Non costituisce motivo di nullità (neanche di ordine generale ex art. 178):

a ) l'omissione della trascrizione delle registrazioni di cui all'art. 139, pur in difetto del consenso delle parti previsto dall'art. 139, comma 5 (Cass. IV, n. 39656/2002; Cass. III, n. 514/2010: nella specie, il deposito delle trascrizioni delle fonoregistrazioni delle deposizioni testimoniali era avvenuto dopo il deposito della sentenza e della scadenza del relativo termine di impugnazione, presenti in atti i soli verbali redatti in forma riassuntiva, senza che su tale modalità di redazione vi fosse stato il consenso delle parti: nonostante ciò, la S.C. ha ribadito che non è causa di nullità o di altra sanzione processuale il tardivo deposito delle trascrizioni delle fonoregistrazioni). Il rigore dell'orientamento, non agevolmente giustificabile (soprattutto con riguardo all'applicazione appena esaminata) è stato, peraltro, gradualmente mitigato: si è, infatti, ammesso che — fermo restando il principio — la parte interessata abbia facoltà di richiedere un termine allo scopo di verificare la corrispondenza tra il contenuto della trascrizione e quello della registrazione (Cass. VI, n. 6140/2013: fattispecie nella quale la difesa lamentava che le trascrizioni erano state poste a sua disposizione soltanto all'udienza di discussione, con conseguente privazione della possibilità da parte sua di espletare una idonea difesa tecnica, ma non aveva fatto ricorso alla facoltà predetta); successivamente, sia pur con riferimento al giudizio di appello, si è anche ammesso che il tardivo deposito della trascrizione dei verbali dibattimentali delle udienze di primo grado non determina la nullità della sentenza e non costituisce causa che possa legittimare la presentazione dell'atto di impugnazione oltre i termini previsti a pena di decadenza, in quanto le parti possono esercitare i propri diritti richiedendo copia dei nastri magnetici oppure utilizzando i verbali redatti in forma riassuntiva, con riserva di presentare al deposito delle trascrizioni motivi nuovi o aggiunti (Cass.

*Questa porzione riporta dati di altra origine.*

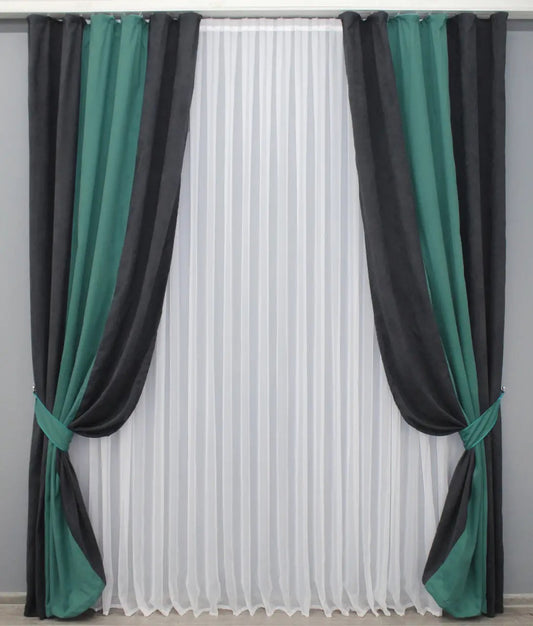 Graphite & Turquoise-Grey Combined Blackout Curtains – Set of 2 Panels – “Elegant Contrast” Collection

III, n. 956/2015);

b ) il mancato deposito della trascrizione dei verbali stenotipici nel termine di tre giorni: trattasi di termine come detto ( supra) meramente ordinatorio, pur se appare opportuno vigilare scrupolosamente sul suo rispetto sia per consentire alle parti, in vista di successive udienze in prosecuzione, l'adeguata predisposizione delle proprie difese (che non può non postulare la conoscenza delle trascrizioni dei verbali delle udienze precedenti), sia per consentire la redazione delle motivazioni nei termini previsti dalla legge (cfr. art. 544);

c ) l'effettuazione della verbalizzazione in forma riassuntiva senza il rispetto delle disposizioni previste dall'art. 134, comma 3, ovvero in difetto della riproduzione fonografica (Cass. II, n. 9663/1992: la S.C., in applicazione del principio, ha rigettato il ricorso dell'imputato che aveva dedotto la nullità del dibattimento di primo grado, e con essa la nullità delle sentenze del Tribunale e della Corte d'appello, perché il verbale di dibattimento di primo grado, redatto manualmente in forma riassuntiva, non era stato riprodotto fonograficamente; Cass. VI, n. 1400/2010; Cass. I, n. 13610/2012).

Bibliografia

Aprile- Silvestri, Il giudizio dibattimentale, Milano, 2006; Beltrani, Il dibattimento penale monocratico, Torino, 2003; Bianchi, Le modalità di verbalizzazione delle attività svolte in udienza, in Arch. n. proc. pen. 2007, 411; Favino, Trascrizione di verbali stenotipici e garanzie della difesa, in Arch. n. proc. pen. 2002, 453; Plotino, Il dibattimento nel nuovo codice di procedura penale, Milano, 1996; Rivello, Il dibattimento nel processo penale, Torino, 1997; Voena, voce Udienza penale, in Enc. dir., XLV, Milano, 1992, 495; Zaffalon, Trascrizione del verbale stenotipico entro tre giorni: è legittimo l'ostacolo all'immediata verifica della parte in ordine alla fedeltà e completezza?, in Riv. pen. 1993, 69.